The primary controller of QS, which in turn controls a number of S. aureus virulence factors, is the Agr system [66]. The AgrA protein is a component of the Agr system that, upon stimulation, binds to P2 or P3 promoters, upregulating a number of virulence factors with significant effects on pathogenicity [67]. Researchers’ primary focus was therefore on decreasing S. aureus pathogenicity rather than its survival [68,69,70]. Competing for S. aureus pathogenicity by blocking Agr QS occurred by interfering with AIP binding to AgrC from the extracellular space, such as with AIP analogs and several natural compounds, including fengycins. The other way is to penetrate the cytoplasm and inhibit the response regulator AgrA protein, such as with savirin or apicidin [65]. Pyocyanin demonstrated its anti-Agr QS action, according to Kamer et al. [49], by reducing Agr-dependent phenotypes such as spreading motility, hemolytic activity, proteolytic activity, and the downregulation of the agrA gene transcription. The in-silico investigation also showed that pyocyanin bound to the AgrA protein at a crucial position, which was necessary for appropriate folding, DNA binding, and the exertion of its QS regulatory action [71]. Pyocyanin’s strong anti-QS activity was highlighted by the number of amino acid residues involved in its binding to AgrA protein, which was greater than the number of amino acid residues involved in previously published Agr-mediated QS inhibitors like salicylic acid, Azan-7, and staquorsin [67, 72, 73].

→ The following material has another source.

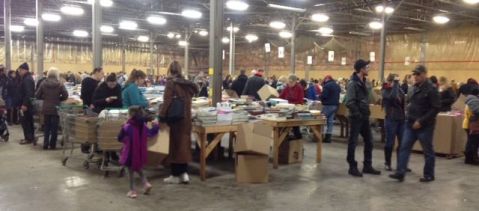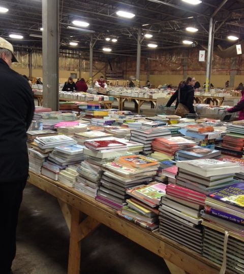 On Thursday, Mike and I went to the huge box sale at the Book Outlet. I typically go each year and never have any trouble filling a box. I didn’t want to get too many this time as I still have tons to read. Mike and I just split a box between us. We were there right for when it opened at 9:00 and it was pretty much packed within an hour:

Pyocyanin as an anticancer agent

The ability of pyocyanin to influence many cancer types has been discussed in numerous studies. Hassani et al. [74] reported that pyocyanin, which was produced by mutant strain S300-8, revealed a powerful efficiency against the growth of a rhabdomyosarcoma cancer cell line, whereas the cytotoxicity was improved by increasing the concentration of pigment with a period of exposure time. According to Zhao et al. pyocyanin could affect hepatocellular carcinoma HepG2 cells, which was mediated by acute ROS production and subsequent oxidative stress, DNA damage, and activation of caspase-3, as well as accelerating cell senescence and apoptosis [41]. Additionally, it has been shown that cancer cells can be prevented from growing by using the biological features of the pyocyanin pigment, such as cell permeability induction, DNA intercalation, and topoisomerase inhibition [75]. In the study conducted by Moayedi et al. pyocyanin could also induce dose-dependent apoptosis and necrosis in human pancreatic cancer Panc-1 cells after 24 h [76]. Sengupta and Bhowal [77] determined that the pyocyanin pigment showed cytotoxic activity against human osteosarcoma cells MG-63 on day 1 after exposure to pyocyanin, which was recorded to be 85.57% and gradually decreased to 11.01% at the end of day 5. The study established by Abdelaziz et al. reported that pyocyanin was cytotoxic against human breast adenocarcinoma MCF-7, with an IC50 equal to 15 µg/ml, by inducing apoptosis and necrosis, while the cells of MCF-7, after pyocyanin treatment, became shrunken in size, round, and disconnected from the monolayer surface of the wells [24]. The anti-proliferative action of pyocyanin pigment on human melanoma cells (SK-MEL-30) and human colon cancer cells (HT-29) was reported by Koyun et al., and it increased with increasing pyocyanin concentration. In addition, the IC50 values of the pyocyanin pigment for SKMEL-30 and HT-29 were 72 µM, and 179 µM, respectively [38].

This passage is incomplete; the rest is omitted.